SiFive has a new family of RISC-V CPUs out that naturally cater to AI applications. The new SiFive 2nd Gen Intelligence Family has additional models at a lower size and power footprint while also adding new features to larger IP blocks.
SiFive 2nd Gen Intelligence Family Launched
Something I did not know before this was that the RISC-V accelerator IP is ramping quite quickly. RISC-V is seemingly everywhere these days. Folks talk about Arm and NVIDIA with Grace and BlueField, but RISC-V is in many NVIDIA designs now.

SiFive has IP for its 1st Gen Intelligence family that ranged from the X200 to XM series. This included things like the scalar compute cores, but also big vector and matrix engines. One can then use these designs in clusters to build bigger AI chips, or use standalone IP blocks to make lower power control nodes.

The new generation adds a smaller core, for lower-power and control applications along with bringing new features to the range.

One of the big areas of IP is the accelerator control unit. This is actually an area that RISC-V is used quite a bit today. The small X100 IP is seen as a way to offload control tasks from the host CPU to the accelerator.

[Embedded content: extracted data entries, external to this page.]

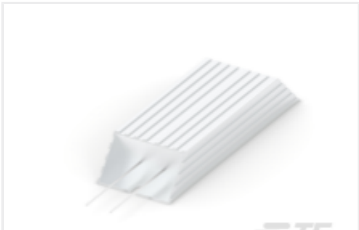
TE Part #2176507-6 CJP 200W 1R5 5% Lead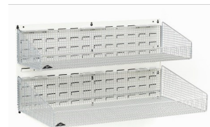
QB3619WP with One QB1236 One QB1836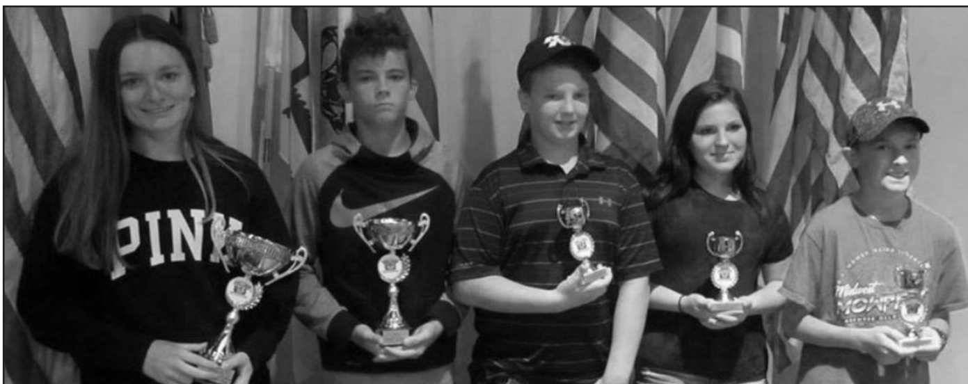
Governed Prepared Kids Winners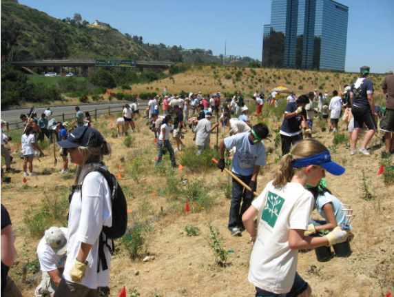
River Garden volunteers hard at work.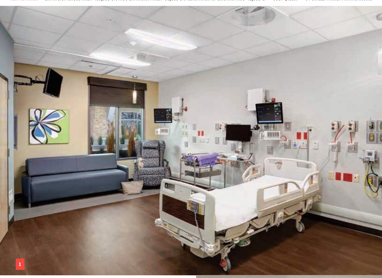
KEY FEATURES > EXPANSION GROSS AREA: 168,580 SF; NICU EXPANSION AREA: 30,668 SF; RENOVATION OF EXISTING NICU: 12,000 SF > COST: $102M > 54 SINGLE-FAMILY PRIVATE ROOMS

babies through a clinical team comprised of a wide variety of highly specialized staff. The four-year endeavor to expand and renovate the SFMC Level III NICU involved feedback and participation from all user groups of the department, as well as NICU "graduate" families.

The IP has both the SSCI and VCIX to connect to accelerators. For example, the SSCI or SiFive Scalar Coprocessor Interface has direct access to CPU registers and can drive accelerators via custom instructions. The VCIX or Vector Coprocessor Interface provides high-bandwidth access to CPU vector registers.

The new SiFive IP has a new exponential function taking an exponential function from 15-22 instructions down to 1. While that may be a smaller amount of raw compute compared to what the MAC units do, it is a way to make that small portion operate a lot faster.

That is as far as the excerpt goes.